A gut bacterial pathway metabolizes aromatic amino acids into nine circulating metabolites

A pathway for the production of aromatic amino acid metabolites in Clostridium sporogenes is described; modulation of serum levels of these metabolites in gnotobiotic mice affects intestinal permeability and systemic immunity. The human microbiome has a substantial effect on our health. Our gut microbes produce a range of small molecules, many of which can reach relevant concentrations, yet we know surprisingly little about microbial metabolic pathways and how they affect the host. Here, Justin Sonnenburg, Michael Fischbach and colleagues use genetics and metabolic profiling to identify the gene cluster of Clostridium sporogenes that metabolizes aromatic amino acids, several of the products of which are produced exclusively by the microbiota. For example, the neuroprotective agent indolepropionic acid (IPA) was also produced by several other gut bacteria. In mice with controlled bacterial colonies, the serum levels of IPA and host physiology can be modulated by genetic modification of C. sporogenes.
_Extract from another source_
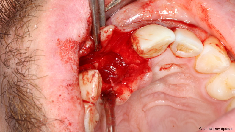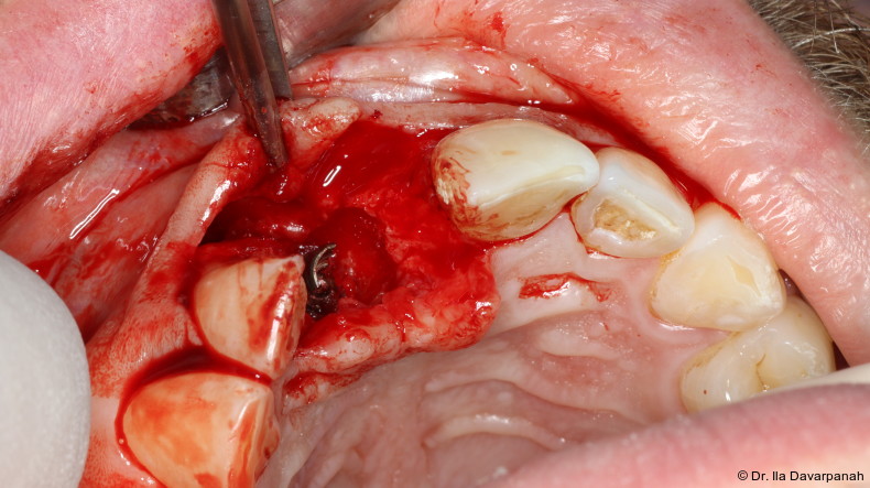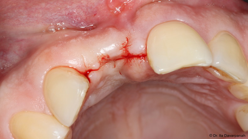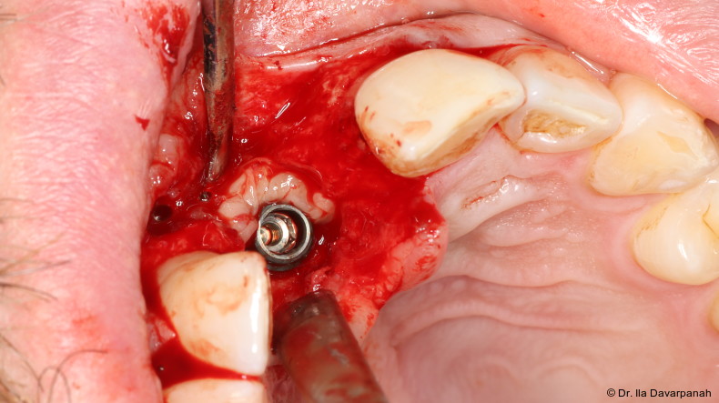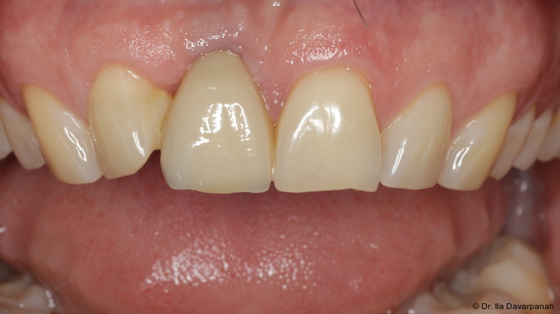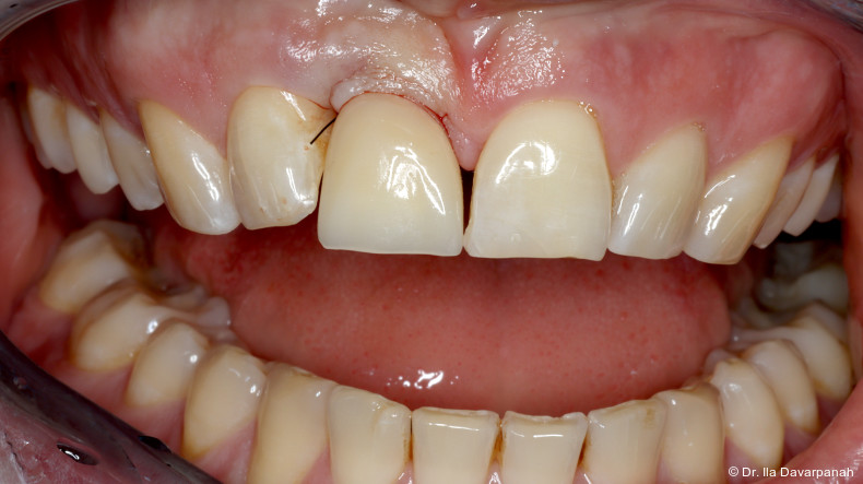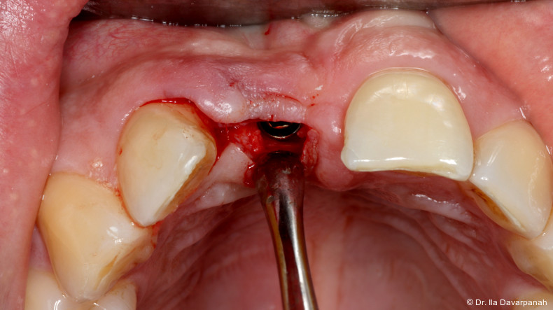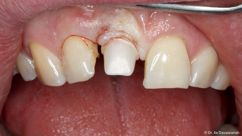 Nach Entfernung des frakturierten Implantatkörpers erfolgte eine erneute Sofortimplantation mit einem alternativen Implantatdesign. Begleitend wurden Maßnahmen zur Stabilisierung von Hart- und Weichgewebe durchgeführt.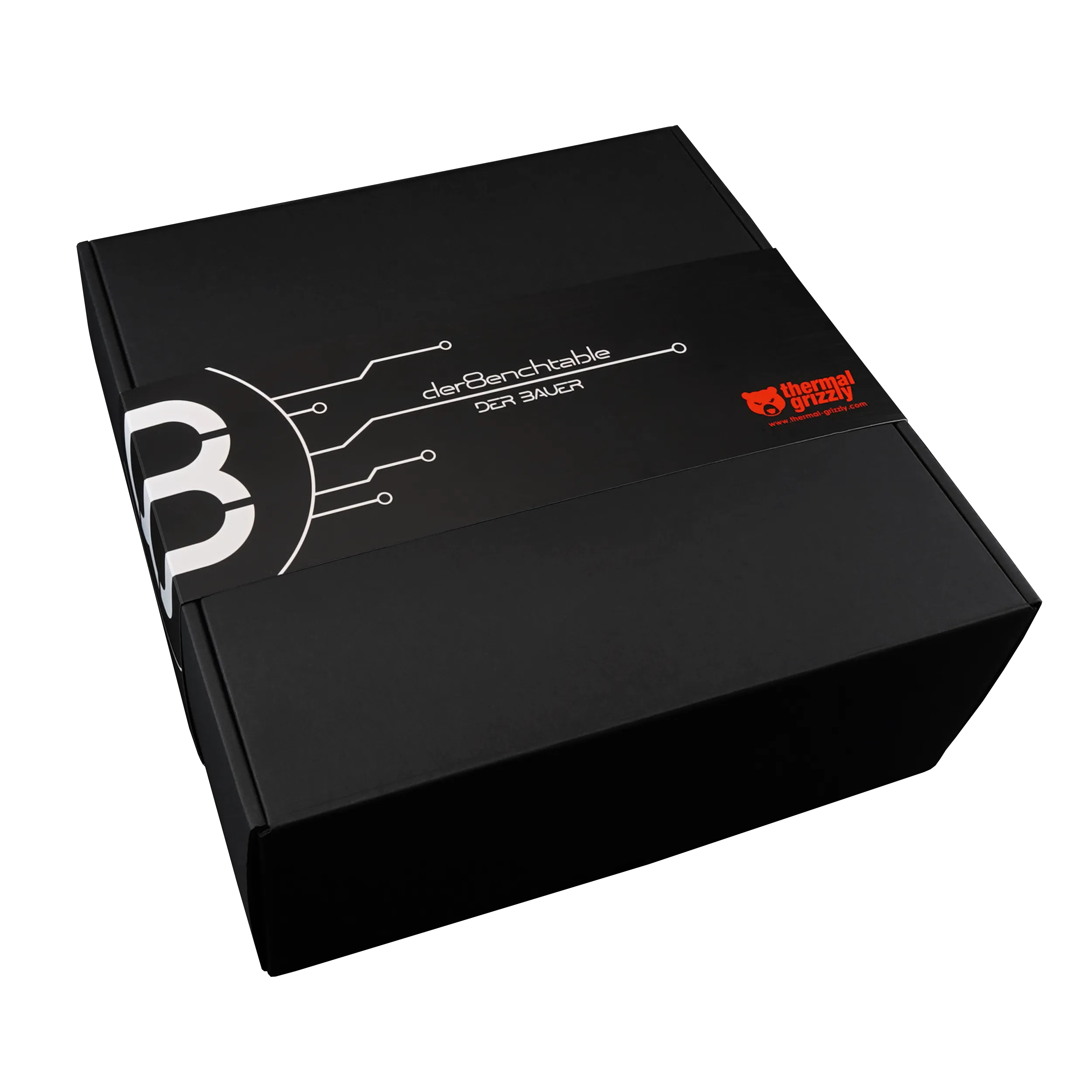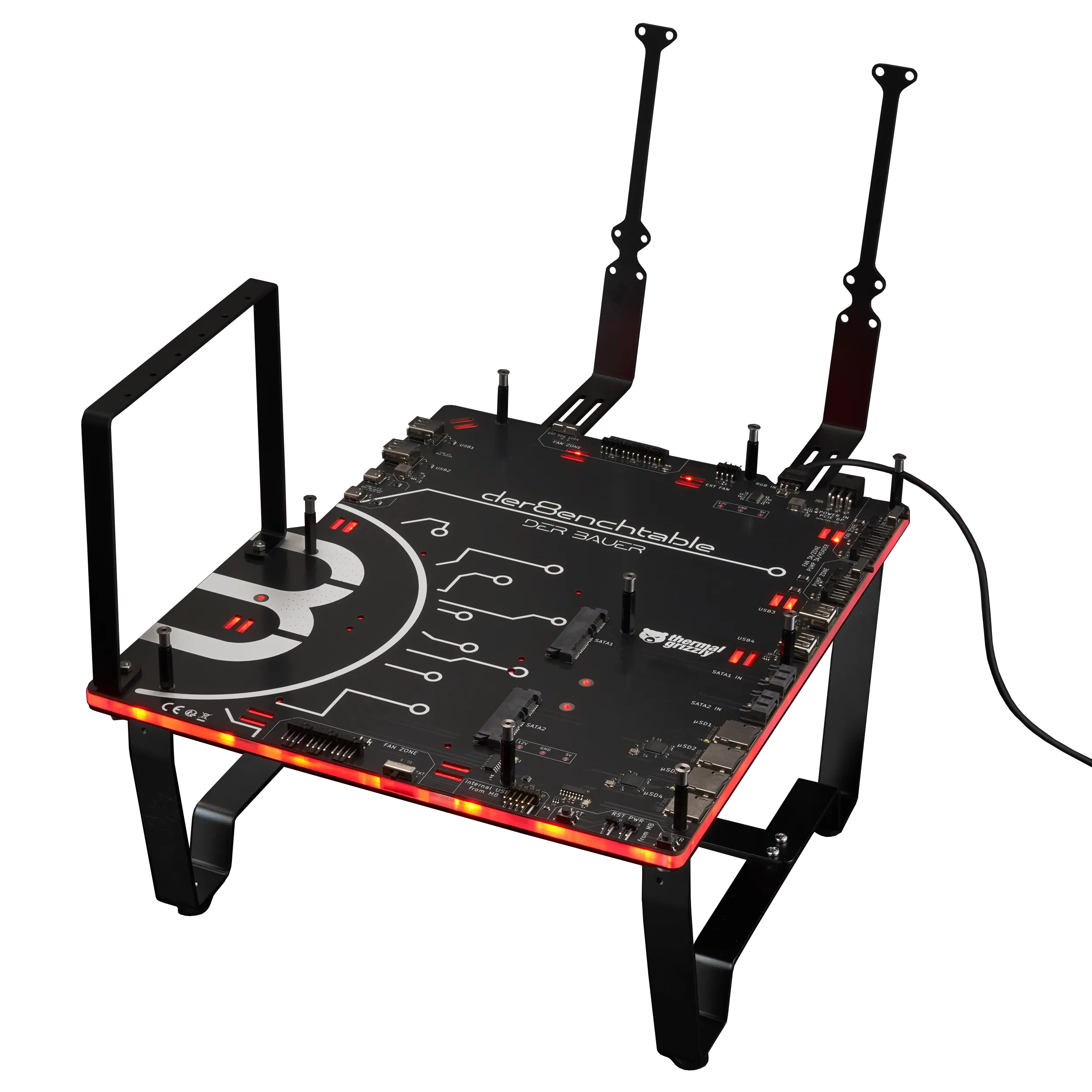 El der8enchtable es una colaboración entre Thermal Grizzly, Jon “elmor” Sandström (ElmorLabs) y Roman “der8auer” Hartung. Además de las funciones de una mesa de pruebas estándar —como los soportes integrados para radiadores y fuente de alimentación—, el der8enchtable incluye una unidad base con una placa de circuito impreso (PCB) integrada para conectar el hardware bajo prueba. Para resultados de prueba consistentes, los ventiladores pueden controlarse mediante tres controladores de ventilador, cada uno con tres conectores para ventiladores de 4 pines. Cada zona de ventiladores puede configurarse de forma independiente al 50 % o al 100 % de velocidad, suministra 3 A de potencia a los ventiladores y cuenta con su propio fusible. Además, las zonas de ventiladores del der8enchtable pueden controlarse externamente desde la placa base.

The human gut microbiota produces dozens of metabolites that accumulate in the bloodstream1,2, where they can have systemic effects on the host. Although these small molecules commonly reach concentrations similar to those achieved by pharmaceutical agents, remarkably little is known about the microbial metabolic pathways that produce them. Here we use a combination of genetics and metabolic profiling to characterize a pathway from the gut symbiont Clostridium sporogenes that generates aromatic amino acid metabolites. Our results reveal that this pathway produces twelve compounds, nine of which are known to accumulate in host serum. All three aromatic amino acids (tryptophan, phenylalanine and tyrosine) serve as substrates for the pathway, and it involves branching and alternative reductases for specific intermediates. By genetically manipulating C. sporogenes, we modulate serum levels of these metabolites in gnotobiotic mice, and show that in turn this affects intestinal permeability and systemic immunity. This work has the potential to provide the basis of a systematic effort to engineer the molecular output of the gut bacterial community.